[Work request]
Pictures in the records below must be left out. Return exactly the lines from the line with "Oklahoma State (21-9, 9-7) COWBOYS" to the line with "Exhibit 4: Twelve-month", both included.
[[ Records open ]]
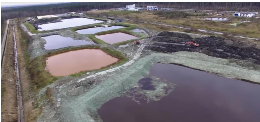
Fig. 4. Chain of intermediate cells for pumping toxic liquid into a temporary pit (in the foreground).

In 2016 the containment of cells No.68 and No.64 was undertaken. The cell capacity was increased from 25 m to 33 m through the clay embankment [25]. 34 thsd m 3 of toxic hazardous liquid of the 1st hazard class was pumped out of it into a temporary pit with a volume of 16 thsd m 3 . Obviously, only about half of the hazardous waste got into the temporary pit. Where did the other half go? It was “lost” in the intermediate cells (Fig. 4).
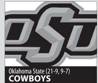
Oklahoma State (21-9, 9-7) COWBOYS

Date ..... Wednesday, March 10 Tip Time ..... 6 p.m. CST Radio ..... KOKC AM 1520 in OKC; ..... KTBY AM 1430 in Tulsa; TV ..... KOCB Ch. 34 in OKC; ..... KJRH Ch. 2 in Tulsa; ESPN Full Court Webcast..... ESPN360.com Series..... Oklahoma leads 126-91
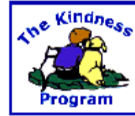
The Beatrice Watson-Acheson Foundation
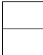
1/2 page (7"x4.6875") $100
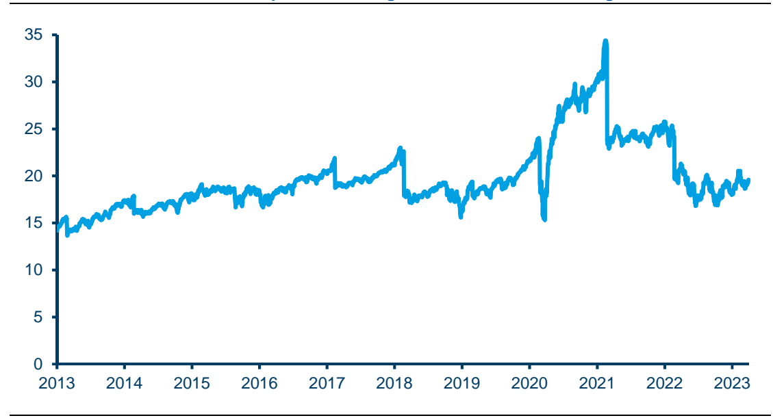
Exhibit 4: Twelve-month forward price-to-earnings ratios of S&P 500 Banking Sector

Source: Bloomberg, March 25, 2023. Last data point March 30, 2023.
[[ Records closed ]]
[Task answer]
Oklahoma State (21-9, 9-7) COWBOYS

Date ..... Wednesday, March 10 Tip Time ..... 6 p.m. CST Radio ..... KOKC AM 1520 in OKC; ..... KTBY AM 1430 in Tulsa; TV ..... KOCB Ch. 34 in OKC; ..... KJRH Ch. 2 in Tulsa; ESPN Full Court Webcast..... ESPN360.com Series..... Oklahoma leads 126-91
The Beatrice Watson-Acheson Foundation
1/2 page (7"x4.6875") $100
Exhibit 4: Twelve-month forward price-to-earnings ratios of S&P 500 Banking Sector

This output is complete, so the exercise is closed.